27-04-2024 11:33 PM Jerusalem Timing

Search for Vanished Malaysia Jet Widens

Search for Vanished Malaysia Jet Widens

The desperate search for a Malaysian jet which vanished carrying 239 people was significantly expanded on Monday with frustrations mounting over the failure to find any trace of the plane

The desperate search for a Malaysian jet which vanished carrying 239 people was significantly expanded on Monday with frustrations mounting over the failure to find any trace of the plane.
  
The initial zone spread over a 50 nautical miles (92 kilometres) radius around the point where flight MH370 disappeared over the South China Sea in the early hours of Saturday morning, en route from Kuala Lumpur to Beijing.
  
Malaysian authorities announced it was doubling the size of the search area to 100 nautical miles. "The area of search has been expanded in the South China Sea," Civil Aviation Department chief Azharuddin Abdul Rahman told reporters late Monday.
  
He also confirmed the search area covers land on the Malaysian peninsula itself, the waters off its west coast and an area to the north of the Indonesian island of Sumatra. The huge area now being covered reflects authorities' bafflement over the disappearance of the flight, with 40 ships and more than 30 planes finding no sign of it.
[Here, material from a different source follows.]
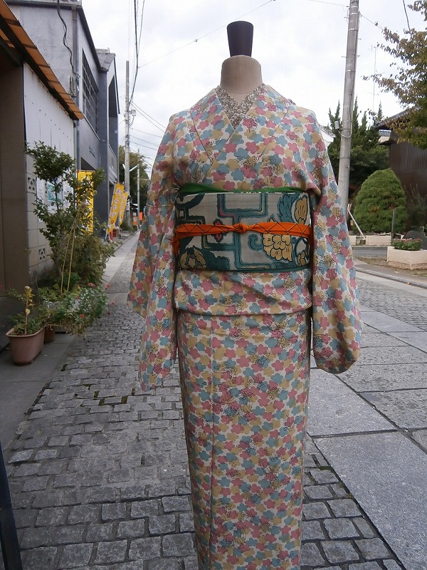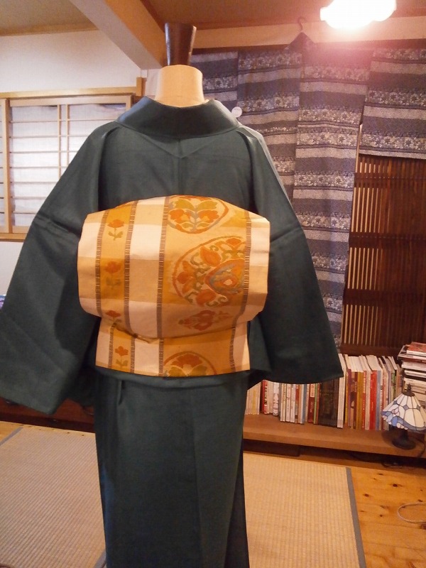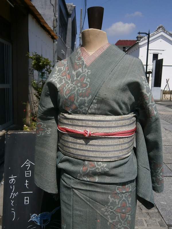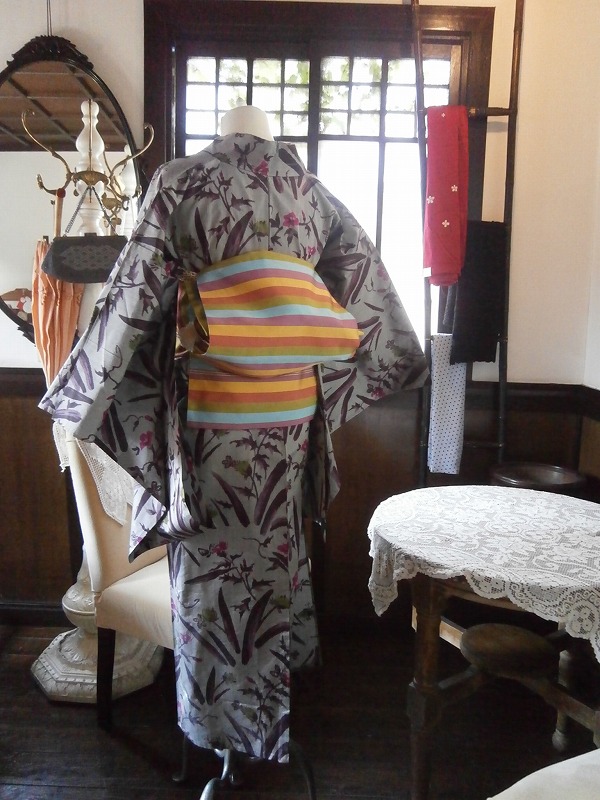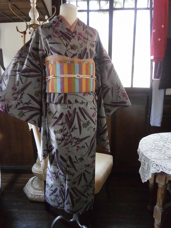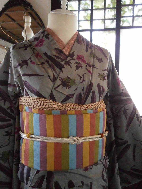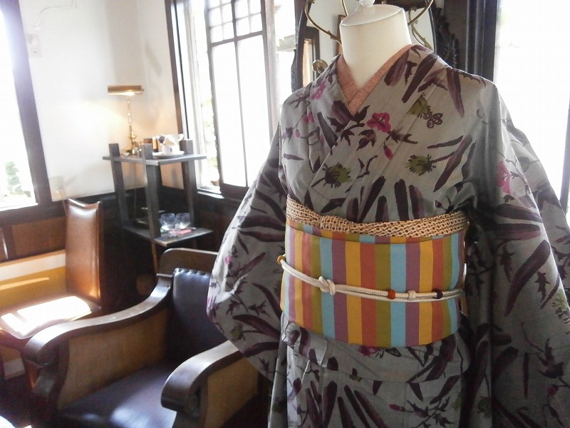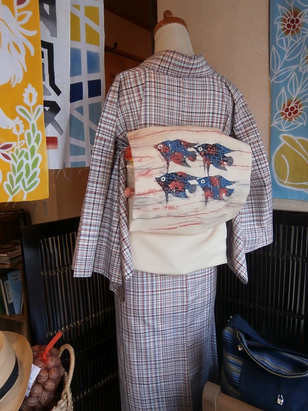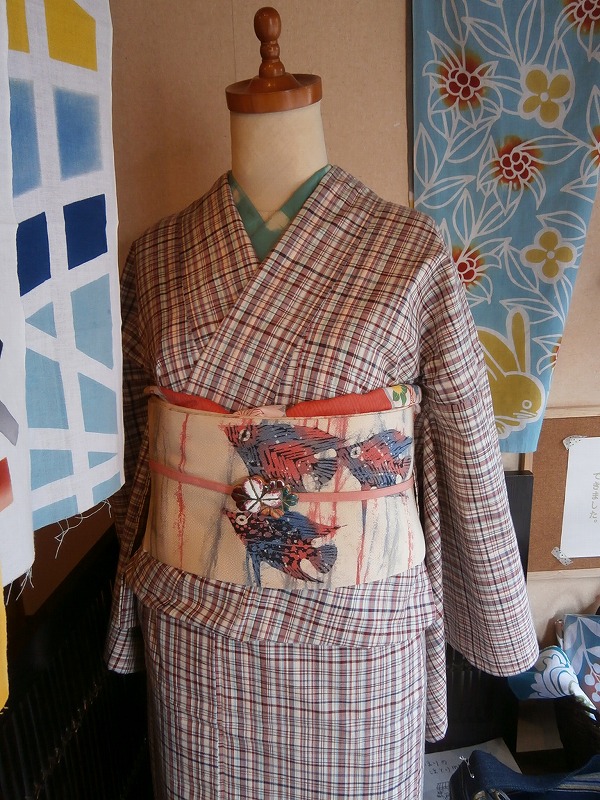 格子柄のキモノに熱帯魚の帯を締めてみました。

Malaysia has launched a terror probe after at least two of the passengers on board the plane were found to have travelled on stolen passports. Two European names -- Christian Kozel, an Austrian, and Luigi Maraldi of Italy -- were listed on the passenger list, but neither man boarded the plane.
  
Both had their passports stolen in Thailand in the last two years and questions swirled over how the two passengers using their documents managed to board the flight.
  
The United States has sent an FBI team to help investigate the passengers, but US officials stressed there was as yet no evidence of terrorism.